• **THE PROBLEM**: Your answer must be the exact lines of the listing below that run from the line with "22 Copyright(C) NRI" to the line with "大容量小物入れ 車載ポケット 可愛いデザイン", ends included, and no pictures.

• **STUDY MATERIAL**:

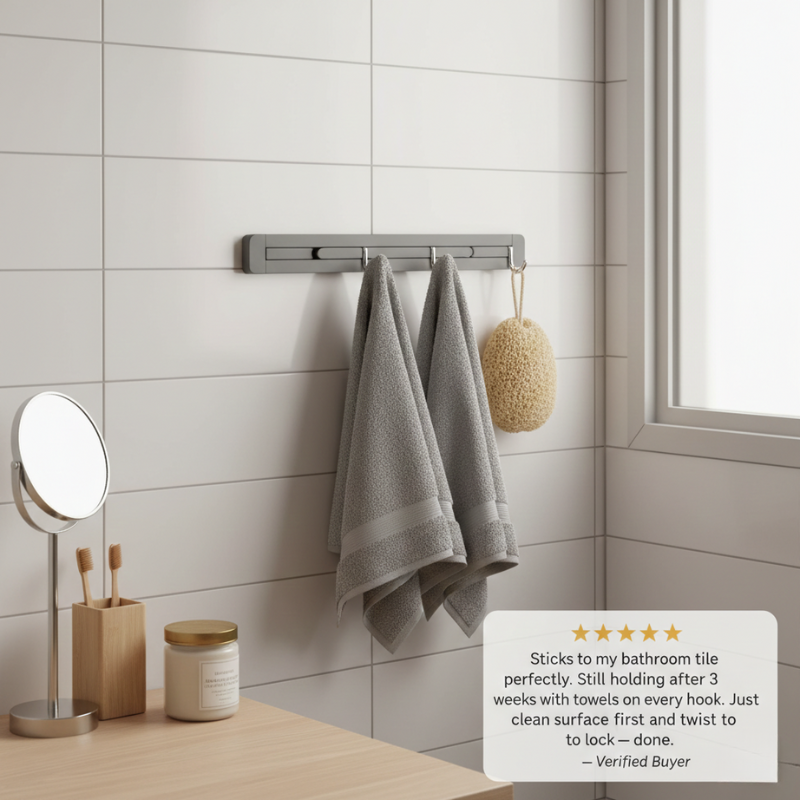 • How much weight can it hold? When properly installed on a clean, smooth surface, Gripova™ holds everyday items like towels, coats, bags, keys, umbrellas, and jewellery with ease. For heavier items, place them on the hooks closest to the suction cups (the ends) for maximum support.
---
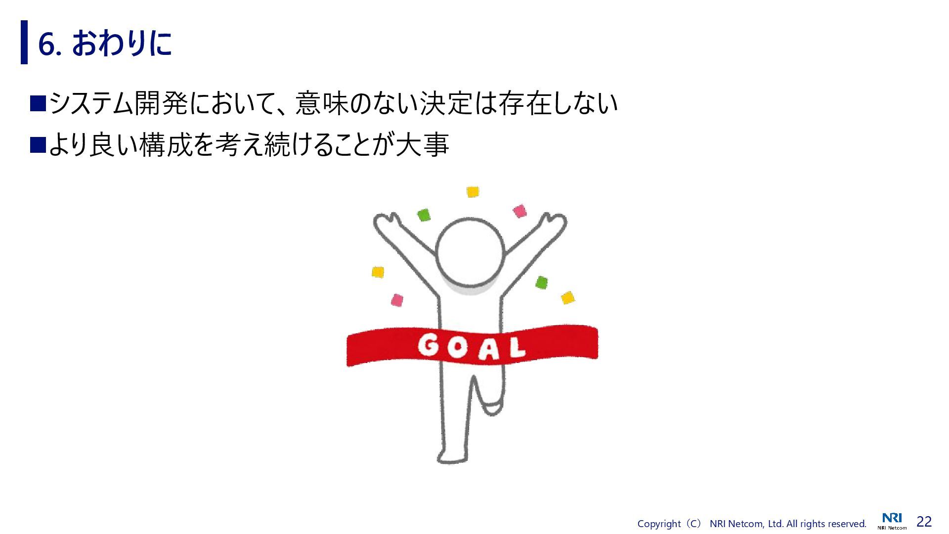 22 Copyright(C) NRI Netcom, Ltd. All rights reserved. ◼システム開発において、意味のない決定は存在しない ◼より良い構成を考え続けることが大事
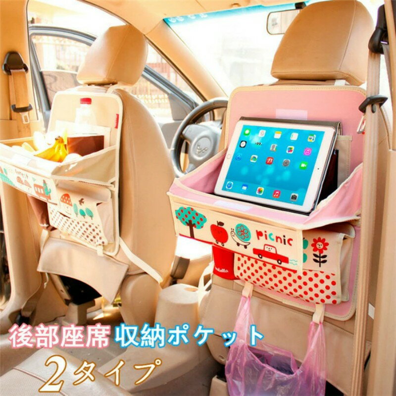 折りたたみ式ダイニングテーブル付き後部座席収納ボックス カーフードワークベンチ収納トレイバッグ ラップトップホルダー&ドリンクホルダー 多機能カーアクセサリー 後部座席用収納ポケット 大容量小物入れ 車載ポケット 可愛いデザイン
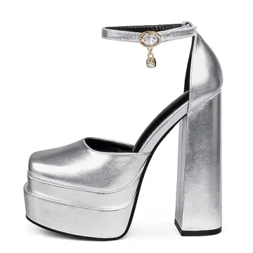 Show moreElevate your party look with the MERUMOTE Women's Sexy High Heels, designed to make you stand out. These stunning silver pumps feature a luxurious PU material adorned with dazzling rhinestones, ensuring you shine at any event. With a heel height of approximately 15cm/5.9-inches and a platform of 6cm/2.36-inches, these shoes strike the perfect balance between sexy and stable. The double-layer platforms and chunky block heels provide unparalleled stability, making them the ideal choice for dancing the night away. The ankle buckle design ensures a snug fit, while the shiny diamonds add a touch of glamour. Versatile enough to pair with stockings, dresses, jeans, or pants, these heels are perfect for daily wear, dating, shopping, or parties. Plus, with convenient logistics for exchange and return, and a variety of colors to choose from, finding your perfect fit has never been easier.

• **TASK ANSWER**:
 22 Copyright(C) NRI Netcom, Ltd. All rights reserved. ◼システム開発において、意味のない決定は存在しない ◼より良い構成を考え続けることが大事
 折りたたみ式ダイニングテーブル付き後部座席収納ボックス カーフードワークベンチ収納トレイバッグ ラップトップホルダー&ドリンクホルダー 多機能カーアクセサリー 後部座席用収納ポケット 大容量小物入れ 車載ポケット 可愛いデザイン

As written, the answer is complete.